On the other hand, the DICfinal of the assays containing Fe2O3-1000 NPs was higher than the DICfinal of the control. As it has been stated elsewhere [16], the presence of metallic oxides enables the CO2 removal as they react with CO2 and water to form carbonates, thus the obtained results suggest that the NPs could have induced the dissolution of CO2 into the culture broth in the form of carbonates, resulting in enhanced kinetic parameters.
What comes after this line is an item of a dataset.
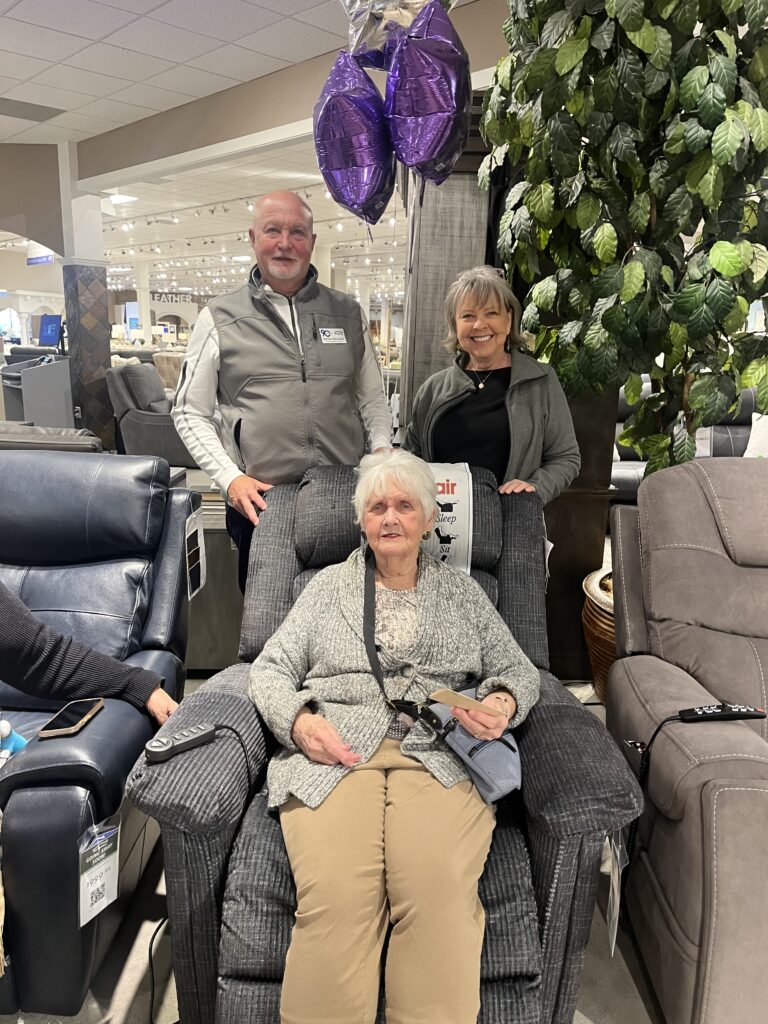 Delores beamed with joy as she said, “Today feels like Christmas!” After a terrible accident, Delores has been living in chronic pain and getting out of her chair has become increasingly difficult. Our friends at RC Willey, have a great selection and provided a memorable shopping experience as Delores was like Goldilocks getting to choose a power lift recliner that fit her “just right” and will provide her comfort and the ability to get up on her own again.

Interestingly, the R values recorded herein, more specifically by the addition of 10 mg L−1 of Fe2O3-1000 NPs, confirm the fact that this phenomenon occurred. In this way, Fe2O3-1000 NPs, significantly enhanced C. vulgaris growth, which was mediated by a higher CO2 uptake however, the long exposure of C. vulgaris to these particular NPs (dominating by the α- phase) resulted in toxic effect leading to a cell density loss of up to 57% on day 9. Vargas-Estrada et al. [23] reported similar findings using Fe2O3 NPs and observed that the presence of Fe2O3 NPs enhanced the CO2 concentration in closed systems of Chlorella sorokiniana cultures.
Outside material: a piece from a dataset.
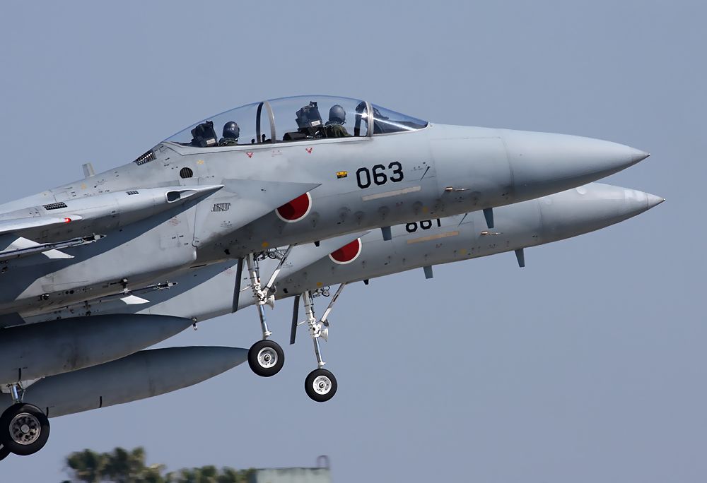 これは、2016年3月15日に新田原基地で撮影した23SQのF15の編隊離陸です。

Moreover, chlorophyll content is used to indicate the photosynthesis rate and/or the cell division of microalgae [37] and in this particular study, the chlorophyll content in C. vulgaris decreased when Fe2O3-1000 were added while the chlorophyll content in C. vulgaris with Fe2O3-450 did not present a significant change (Fig. 4c). It has been previously stated that a loss in chlorophyll a content may be due to inhibition in the electron transport chain specially in the donor center, whereas an increase of chlorophyll a content should be due to the inhibition in the acceptor side [34]. Thus, the reduction of chlorophyll herein indicates that C. vulgaris quantum yield of PSII was interfered by the presence of Fe2O3-1000, confirming the toxic effect of Fe2O3-1000 to C. vulgaris cultures, mainly attributed to the dominating α- phase.

Fig. 4
figure 4

Time course of the cell density (a) and (b); and chlorophyll content (c) and (d) of Chlorella vulgaris cultivated in BG-11 medium under different conditions assessed: control (green circles), 10 mg L−1 Fe2O3-450 (blue triangles), 10 mg L−1 Fe2O3-100 (yellow cruces); 5 mg L−1 Fe2O3-450 (red squares); 20 mg L−1 Fe2O3-450 (navy blue diamonds)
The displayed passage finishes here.